The familiar tune emanating from the radio brings tears to my eyes. The lyrics of the song take me two decades back, when my father used to sing me to sleep.
*Twenty years ago*
“Tera mujhse hai pehle ka naata koi, yu hin nahin dil lubhaata koi…”.
I half smiled, and dozed off on his shoulder. He was back after such a long time. I missed him. I missed the familiar feel of his jacket – the one that he usually wore; I missed his strong arms that held me up; I missed his voice and the lovely songs he used to sing to me. After spending many months in the regiment, when he used to come back home, he would kneel down by the door with his arms wide open and my little feet would run towards him.
I missed my father. I was just a tiny four-year-old then. He would carry me in his arms, sing me a lullaby. We would go for walks in the park, with me measuring about one-fourth of his frame, and he would try to match my pace. One day, he put his favourite jacket on me and made me wear his favourite pair of shades. He laughed a little, looking at me in the over sized jacket and the goggles, and clicked a picture. “My little princess”, he had said.
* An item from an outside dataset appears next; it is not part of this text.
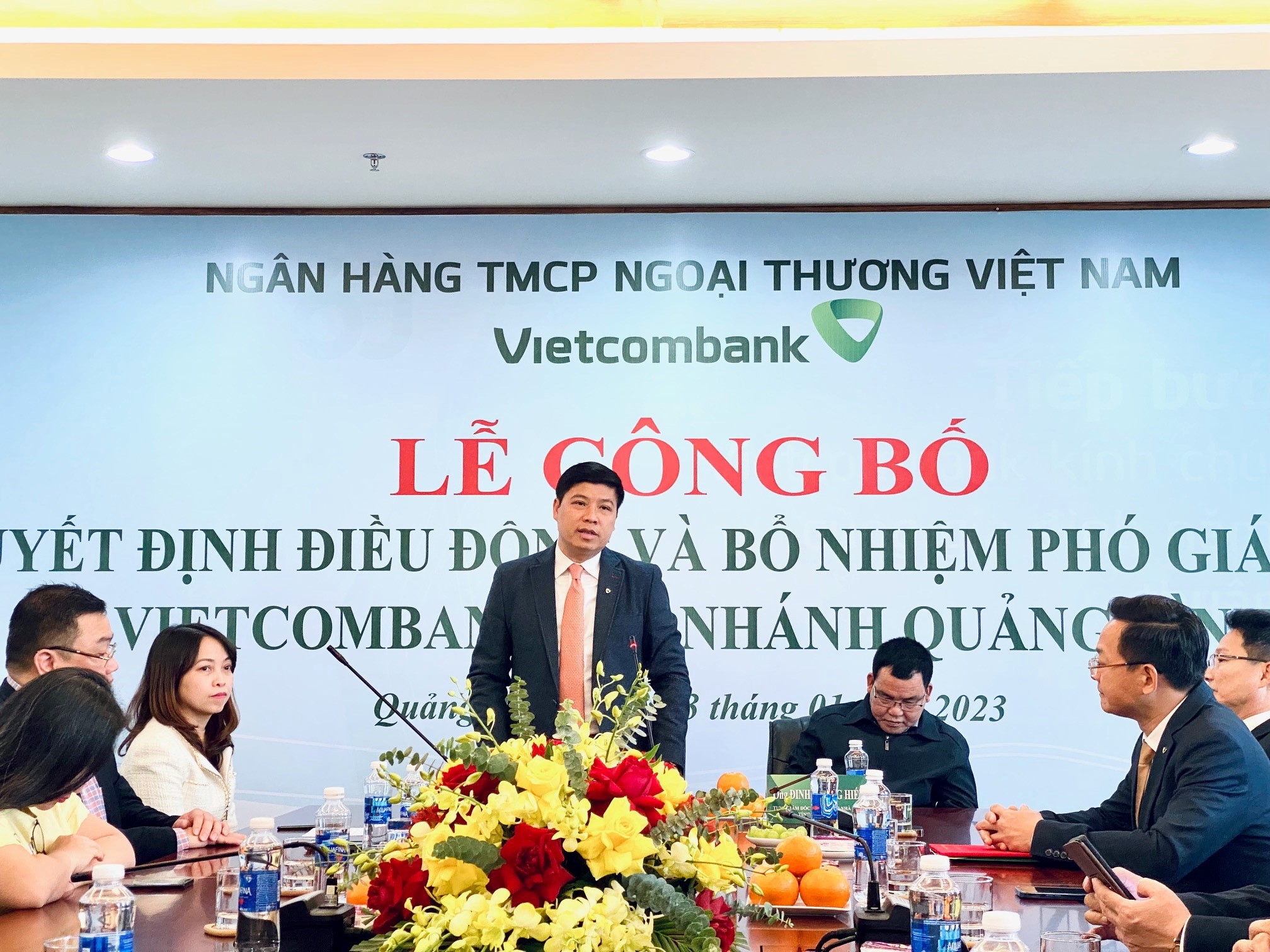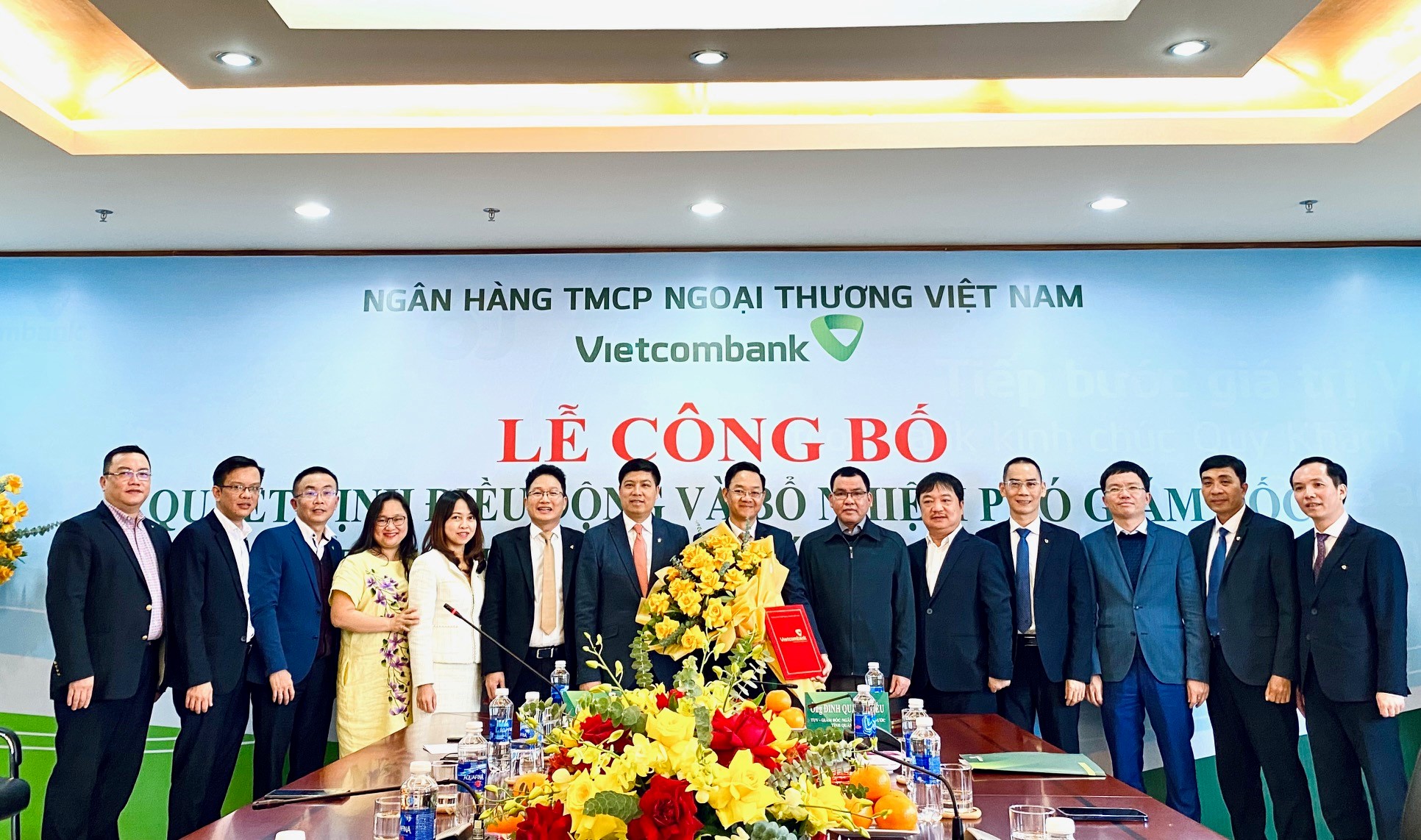 Đại diện Ban lãnh đạo, Ban Giám đốc Vietcombank Quảng Bình và đại diện một số chi nhánh trong khu vực chụp ảnh lưu niệm cùng tân Phó Giám đốc Vietcombank Quảng Bình

July 1999. The Kargil War was nearing an end. I was six then. Papa had left home for the war three months ago. While leaving home, he handed the jacket to me, and said,” Don’t miss me much, sweetheart. Keep it with you. You can always hold this jacket close to you when you miss me. Put it on the day I return. I want to see my little princess in this jacket.”
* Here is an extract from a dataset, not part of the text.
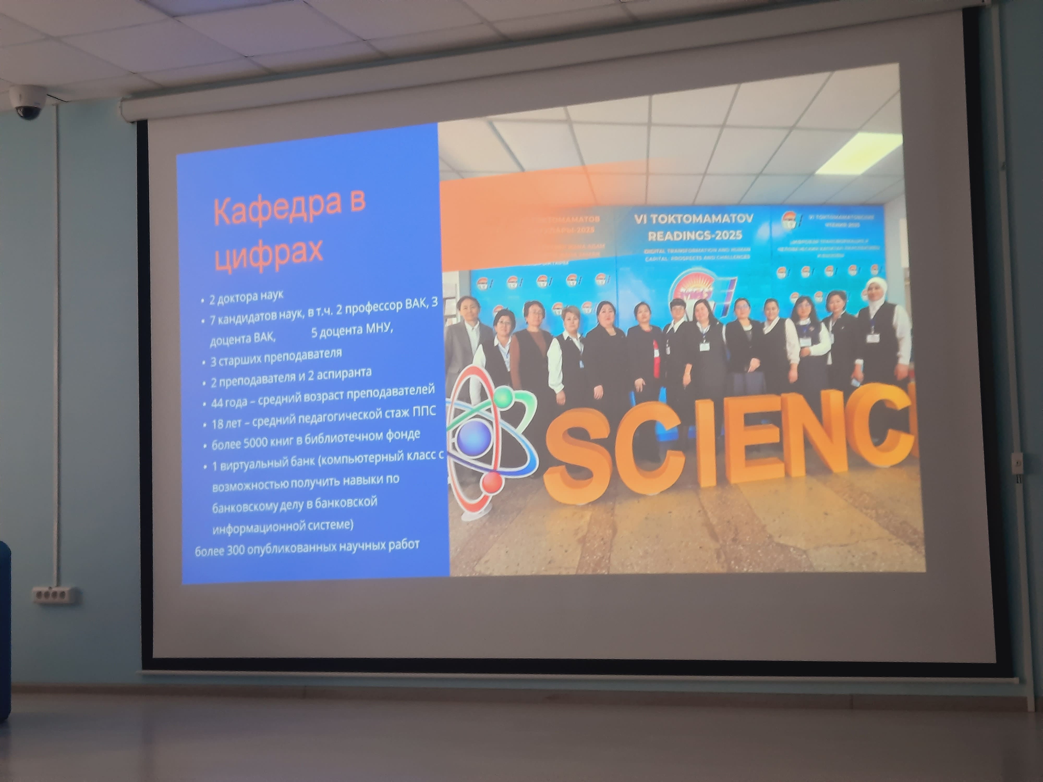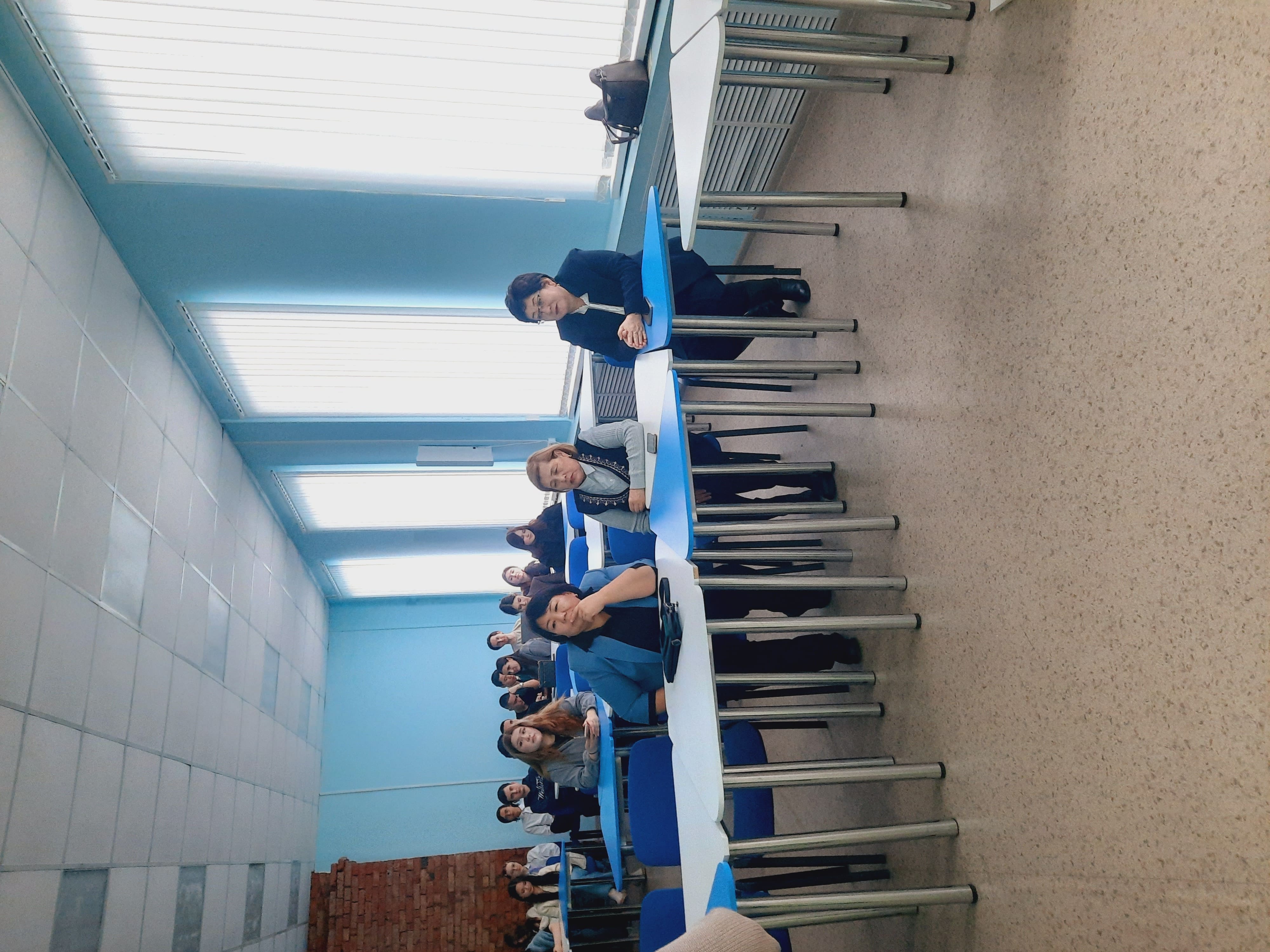 Доцент кафедры экономики и финансов, Кудайбердиева Жанара Арапбаевна рассказала об истории развития их вуза, его структуре, составе своей кафедры, представила презентацию с информацией об университете и профессорско-преподавательском составе, их успехах в области науки и образования.

I hugged him and wiped off the tears streaming from my eyes. Every day, I used to sit by the television, looking at the clips of Kargil War with my mother, grandfather and grandmother. I did not understand what was happening. My eyes were just looking for a glimpse of the familiar figure of my father. Whenever I would see a man with a gun, I used to inch closer to the screen and scrutinize him in the hope of finding any resemblance to my father.
One morning, when I woke up, I saw my mother sobbing by the side of the bed. My grandmother and grandfather were crying too. I did not know what had happened. After asking them again and again, my grandfather said, “It’s nothing, dear. Papa is coming home after two days.” I was so overjoyed that I did a little dance and ran off to my room to look for his jacket. I still had no idea why the others had been crying over my father’s return. They should be happy, right?
Two days later, there were people in my house, all clothed in white. I didn’t know why everyone was so grim. That didn’t matter anyway; I was going to see my Papa. I had put on his jacket. Its long sleeves hung loose from the end of my hand. It was so long, it almost touched the ground when I walked. Papa would be so happy to see me, I thought.
A vehicle drove in then. A huge vehicle it was. The back door opened and out came a stretcher with a white cloth put over something. Everyone broke into uncontrollable sobs. I was still confused. I was waiting for Papa to come out of that vehicle. But that vehicle went away.
I tugged the palm of my grandfather and asked him, “Where is Papa?”. With tears in his eyes, he took me to the stretcher and lifted off the white shroud. I gasped. I was in a state of shock. My father was on the stretcher. I shook him a bit, tickled him a little. He used to wake me up that way. But he didn’t even move. My father was no more. I cried, I sobbed. He didn’t wake up. I remember telling him then, “See, I have put on your jacket… Wake up. Just look at me.”
The memory of his lifeless face makes me sob even harder. My eyes wander towards the familiar corner in my room where his jacket and his framed photo are hanging, and I cannot help but compare the smile on the photograph with the memory of his lifeless face. I hold his jacket close to me. His familiar scent is long gone, but the feel of the fabric is still intact. The song on the radio has already been replaced by another, but the tide of memories it had brought along with it is yet to subside.